Abstract

Study methodologies of supersaturated state are fast developing as pharmaceutical industry is adopting supersaturating drug delivery systems (SDDS) to overcome the solubility issue of drugs. The “parachute” of sobriquet “spring-and-parachute”, which indicates delayed or slowed intraluminal precipitation of drug from SDDS, is of immense importance to formulation scientists since optimal attainment of “parachute” governs the success of SDDS in stabilizing supersaturated state that ensues in enhancement of bioavailability. The studies carried out so far for precipitation assessments have ignored the stochastic nature of nucleation and lack absolute mathematical approach. In the current study, the supersaturated state has been studied in a quantitative manner through microarray plate method with application of the classical nucleation theory (CNT) equation for determination of precipitation kinetics.
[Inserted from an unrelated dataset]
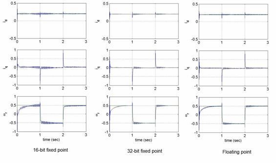 要比較三種數(shù)據(jù)格式對數(shù)值精度的影響,需要監(jiān)控估計速度響應(yīng)與相應(yīng)的d 及q 軸參考電流。將所有的PI 增益、參數(shù)、基本量在全部三種數(shù)據(jù)格式的仿真過程中設(shè)定為相同的有效值。從圖4 可以看出,16位定點版本與浮點版本的性能具有極大的差別。

This microarray plate method is an attempt to pursue the principle of miniaturization in supersaturation assays and involves comprehensive measurements that allows for accounting of the stochastic nature of nucleation. Overcoming the drawbacks of reproducibility and greater material requirement of existing methods, this study aims to quantify the rate of in vivo precipitation through understanding of precipitation profile of model drug, celecoxib, in biorelevant media. Quantification of nucleation rates was made through CNT using tailored criteria and visually represented through temporal precipitation distribution (TPD) plots. Supersaturation stability was also compared through metastable zone width (MSZW). Optical microscopy helped in visualizing the dynamics of precipitation, while solid state characterization assisted in understanding the nature of obtained precipitates. This study identified the short-lived supersaturation of celecoxib and its tendency to precipitate under fasted conditions, which can be correlated with in vivo behavior for formulation design.